This bill mandates that financial institutions verify the citizenship or lawful immigration status of new account holders and imposes criminal penalties for undocumented individuals who open or maintain accounts.
Keith Self
Representative
TX-3
The Know Your American Customer Act mandates that financial institutions verify the U.S. citizenship or lawful immigration status of individuals opening new accounts. This verification requires specific documentation, and accounts opened by individuals whose authorized stay expires will face temporary restrictions followed by mandatory closure if status is not updated. The Act also establishes new criminal penalties for individuals who are not lawfully present for opening or maintaining active accounts at these institutions.
Starting 90 days after this bill hits the books, opening a bank account will look a lot more like a trip to the DMV. The 'Know Your American Customer Act' requires every bank and credit union in the U.S. to verify that you are either a U.S. citizen or a lawfully present resident before you can open an account. It specifically lists the paperwork you'll need—think REAL ID-compliant licenses, passports, or birth certificates—and it doesn't just apply to individuals. If you’re starting a small business or a legal entity, the person in charge has to show their papers too. While you won't need to re-verify for new accounts at a bank where you already have one, any new joint holders or authorized signers you add to your existing accounts will have to run the documentation gauntlet.

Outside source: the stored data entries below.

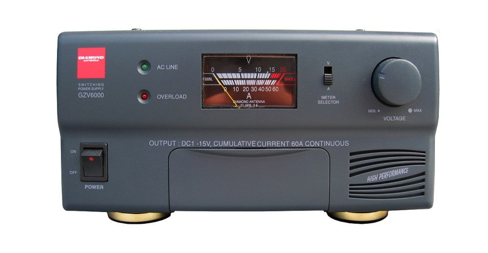 Gli alimentatori switching DIAMOND della serie GZV-  sono alimentatori switching di alta potenza (40A per il GZV-4000 e 60A per GZV-6000) ma di dimensioni e peso ridotti. Sono stati progettati e costruiti specificamente per l'alimentazione di apparati ricetrasmittenti fornendo una tensione variabile compresa tra 5 e 15 Vcc. Sono dotati di circuiti di protezione: in corrente, che interviene in caso di sovraccarichi oltre il valore limite incluso il cortocircuito, in temperatura onde prevenire surriscaldamenti che potrebbero danneggiare l'alimentatore. Un indicatore, posto sul frontale dell'alimentatore, segnala quando i circuiti di protezione si sono attivati. Inoltre dispone, visto l'uso a cui è dedicato, di un particolare circuito di protezione alle interferenze di radio frequenza (RFI). Lo strumento analogico visualizza la tensione o la corrente erogate, selezionabili dal selettore posto sul frontale. Dispongono di tre uscite di alimentazione in cc: una posteriore a boccole di elevata potenza (40A o 60A secondo il modello), mentre due uscite - una con terminali SNAP-ON da 6A e una con presa per accendisigari - sono celate frontalmente sotto un pannellino amovibile. E' altresi presente un altoparlante frontale da 8W e 8hm di impedenza collegabile al ricetrasmettitore mediante una presa jack da 3,5mm.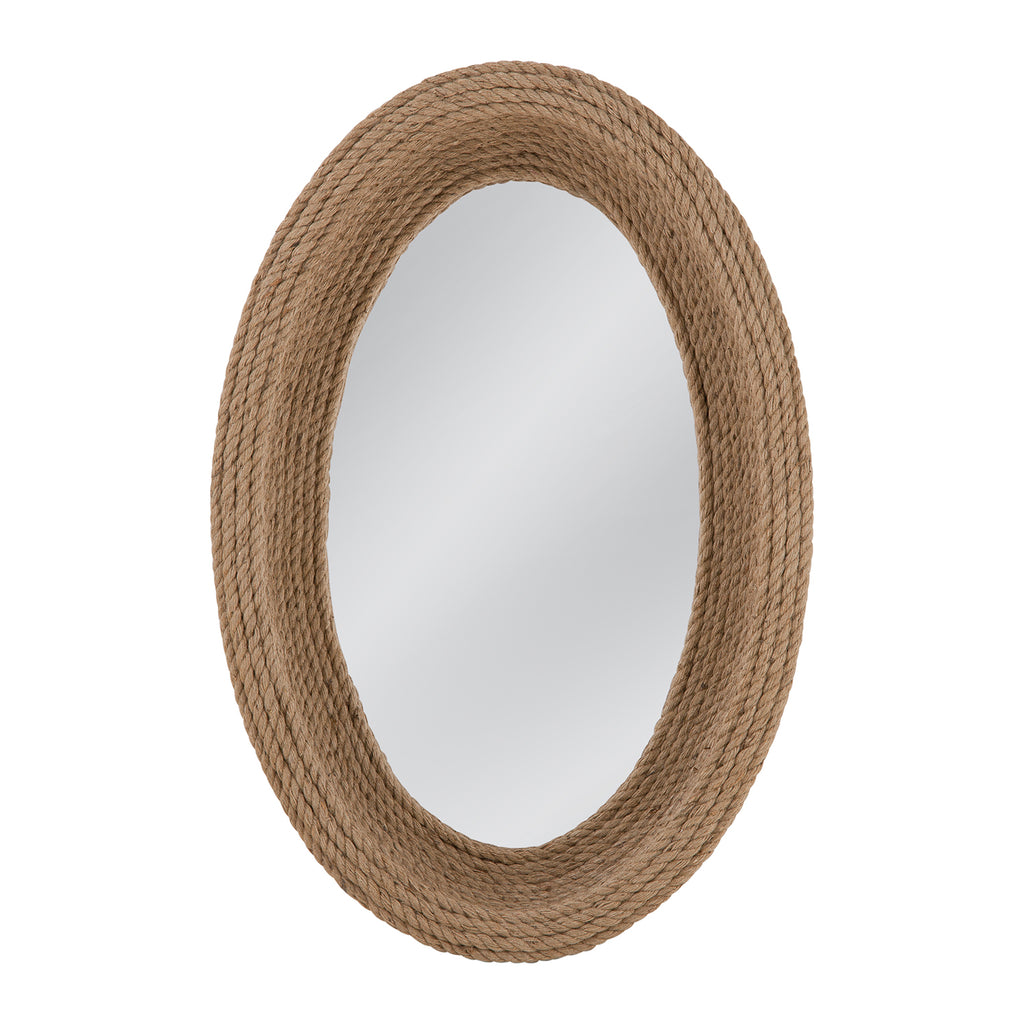The Regatta Wall Mirror boasts an oval frame crafted from natural jute rope, adding coastal flair to any space. Its intricate woven design evokes a sense of seaside tranquility, perfect for coastal-themed decor. Enhance your home effortlessly with this timeless and natural accent piece.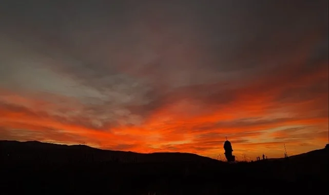 Van'ın Özalp ilçesinde görünen kuzey ışıkları gökyüzünü adeta kırmızıya boyadı.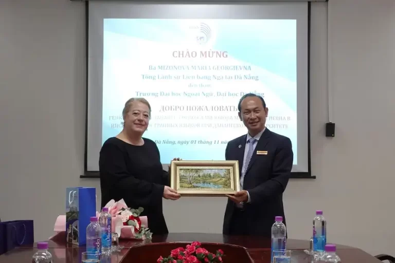 Trưởng khoa Chương trình Giáo dục Quốc tế ông Alexander Chernikov đã dẫn phái đoàn tham quan, tìm hiểu khuôn viên trường, cơ sở vật chất cùng với đó trao đổi các kế hoạch phát triển của trường đại học và cơ hội dành cho sinh viên quốc tế.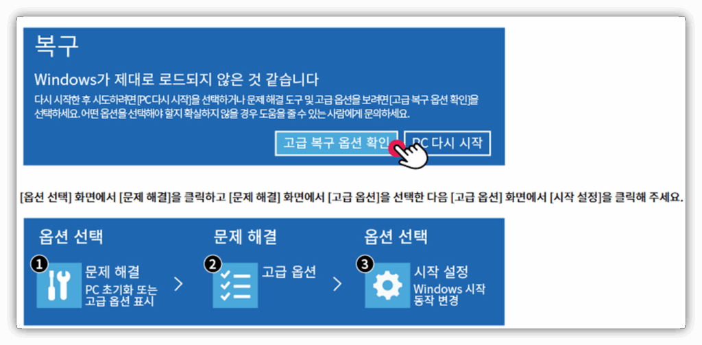 최근 업데이트 이후 전원이 안 켜지는 현상이 발생했다면, BIOS 설정 오류나 펌웨어 충돌일 수 있습니다. 간혹 블루스크린 현상이 발생된다면, 복구 모드를 실행시켜 BIOS 설정 오류, 펌웨어 충돌을 조치해 보시기 바랍니다.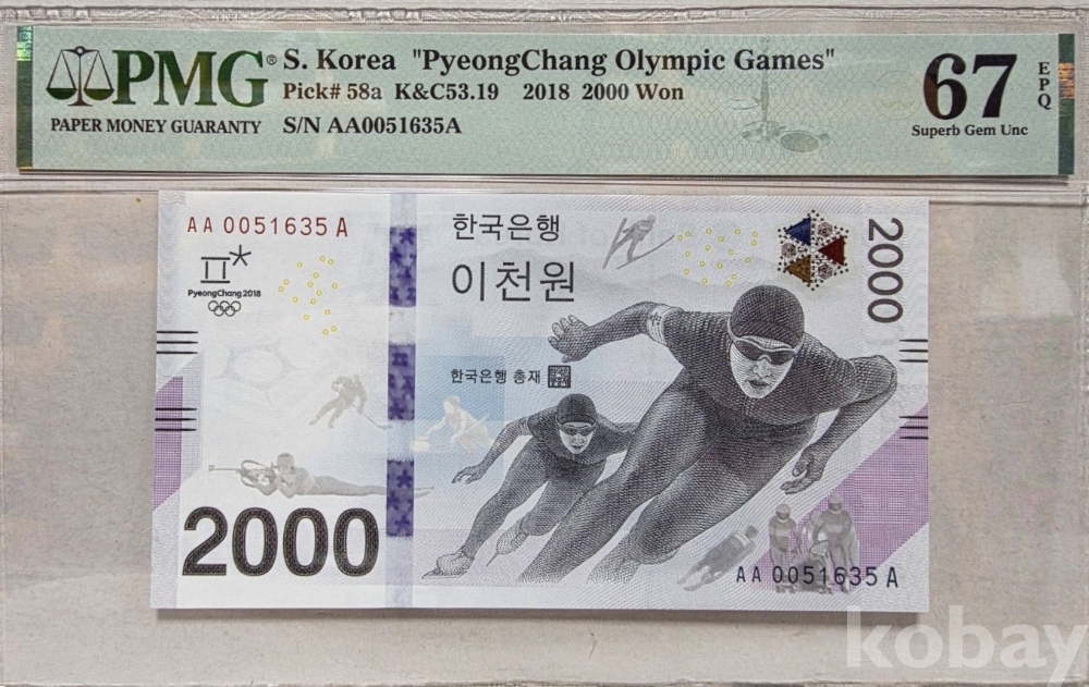 -대한민국 평창동계 올림픽기념 지폐 PMG 67 고등급이며 그레이딩 초판 입니다.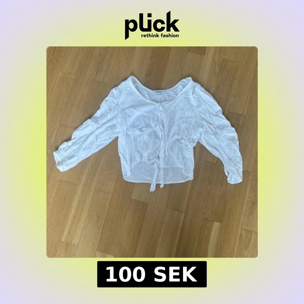 Supersöt vit blus från Kappahl i storlek S. Modellen är croppad med långa ärmar, knyt framtill och klädda knappar. Tunt och lätt material, perfekt för en chill look.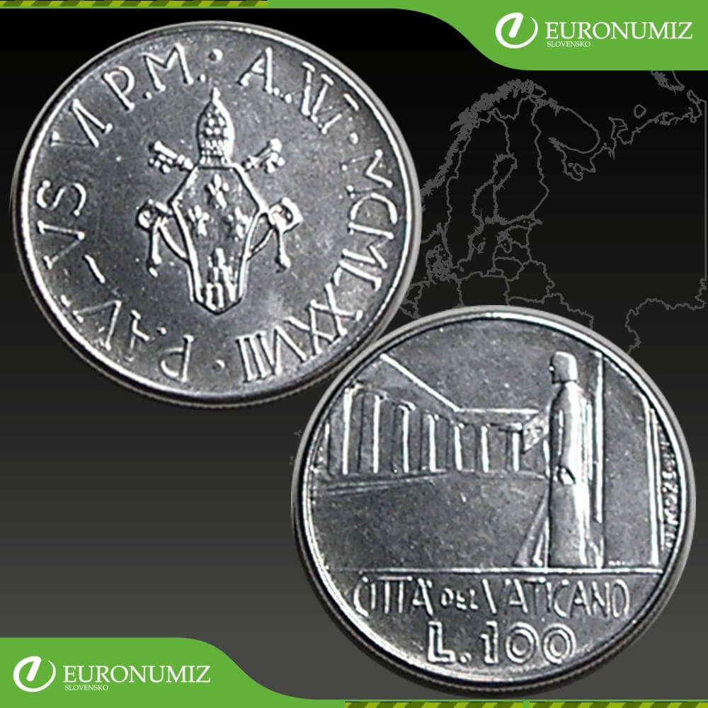 100 LIR 1978 VATIKAN PAVOL VI DIALOG MEDZI BOHOM A CLOVEKOM STAV VID FOTO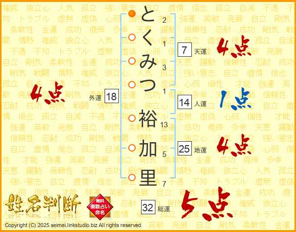 と(2画)く(1画)み(3画)つ(1画) 裕(13画)加(5画)里(7画)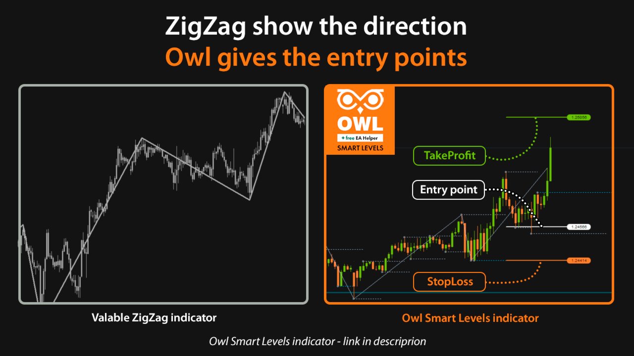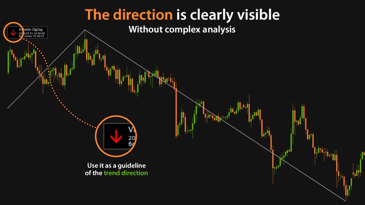 Valable ZigZagは、主にトレンド指標です。 これは、トレーダーが取引すべき主な方向性を設定しますが、市場に参入する指標としても機能します。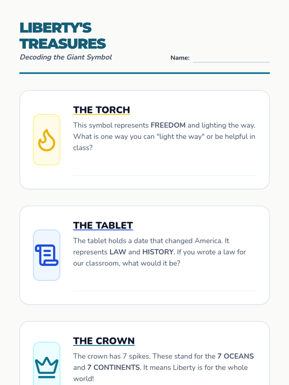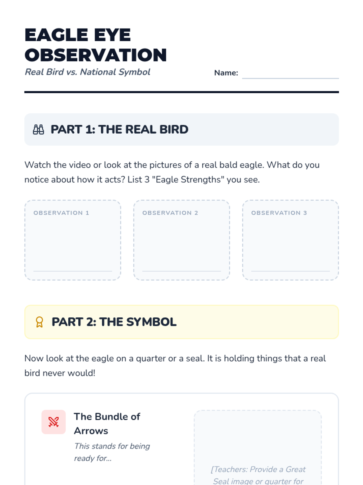 An inquiry-driven geography and civics sequence where 2nd-grade students explore the meaning of symbols, starting with familiar daily signs and progressing to iconic American landmarks like the flag, the bald eagle, and the Statue of Liberty.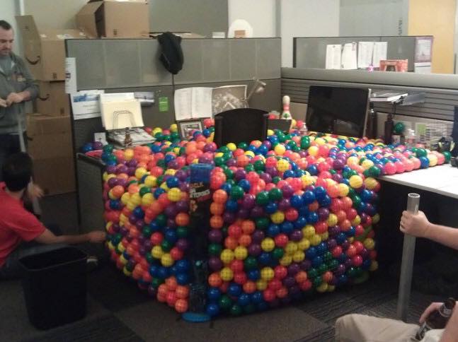Слушайте, я за всю жизнь менее полугода проработал в помещении, где сидит пара десятков других сотрудников. Кто много в таких условиях работал: действительно существует традиция всячески разукрашивать рабочее место сотрудника к его выходу из отпуска? А то я смотрю - люди проявляют большую фантазию.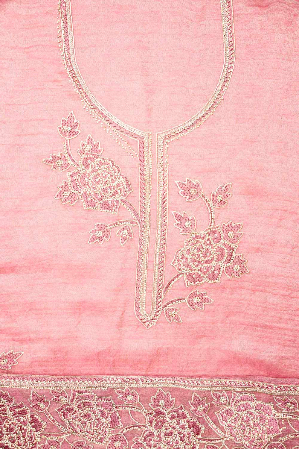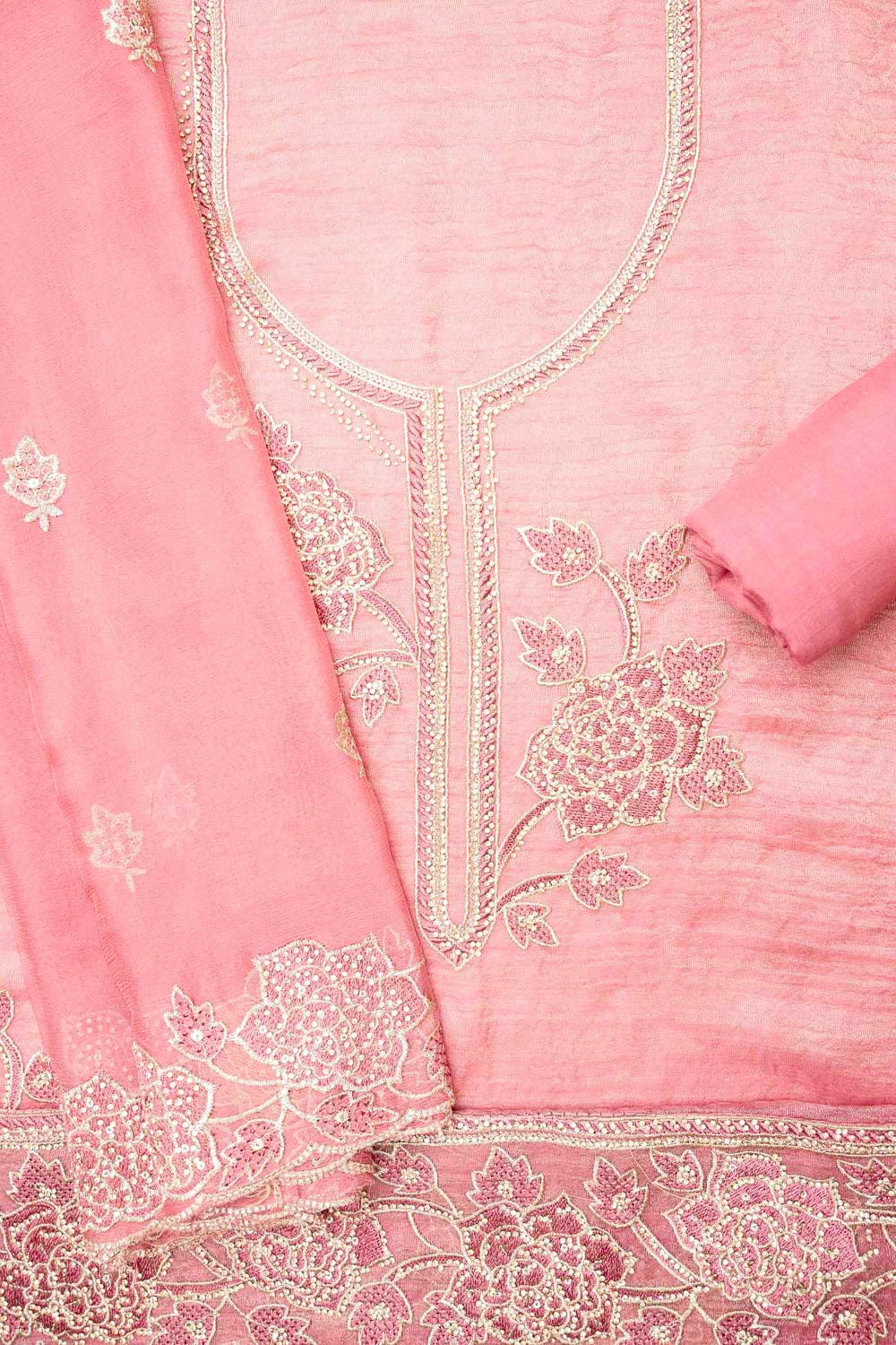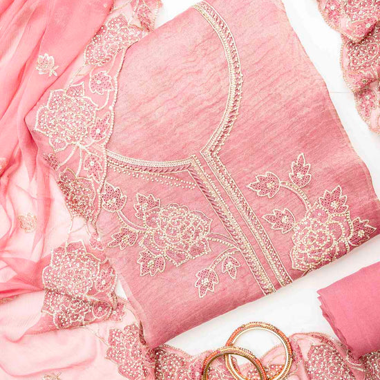 Panna Gajari Organza Unstitched Salwar Suit With Chiffon Dupatta

For those in the U.S. on temporary visas, the bill creates a high-stakes timeline. If you open an account using a temporary stay authorization, you have to file a specific Treasury form documenting exactly when your legal stay expires. Once that date hits, the clock starts ticking: you get 30 days of full access, followed by a 60-day 'restricted' period where the bank can only accept deposits. During those 60 days, your debit card is cut off, and wire transfers are blocked. If you don't provide updated proof of lawful presence by the end of that 90-day window, the bank is legally required to close your account entirely. For a tech worker on an H-1B visa or a student awaiting a visa renewal, a paperwork delay at a government office could suddenly mean losing access to the money needed for rent or groceries.
This isn't just a suggestion for banks; it’s a mandate with some of the heaviest penalties we’ve seen in financial regulation. If an individual who is not lawfully present (or has a removal order) opens or even maintains an active account, they could face a fine of up to $1,000,000 and a year in prison. The bill also cracks down on using 'middlemen' or legal entities to bypass these rules, applying those same million-dollar fines to anyone trying to hide their status behind a business shell. While there are some exceptions—like for those with pending asylum applications or people whose authorized stay ended less than 90 days ago—the threat of criminal charges adds a massive layer of risk to everyday financial activity.
By overriding state laws and giving the Treasury Department just 90 days to finalize the rules, this bill moves fast to change how we interact with our money. For the average person, it means more paperwork and potentially longer wait times at the bank while staff verify naturalization papers or birth certificates. For financial institutions, the burden is on them to freeze or close accounts of anyone deemed ineligible, or face civil penalties themselves. While the bill includes 'good faith' protections for banks that try their best to comply, the real-world impact will likely be felt most by those with complicated immigration statuses or people who struggle to access the specific, high-level identification documents required by the new federal standards.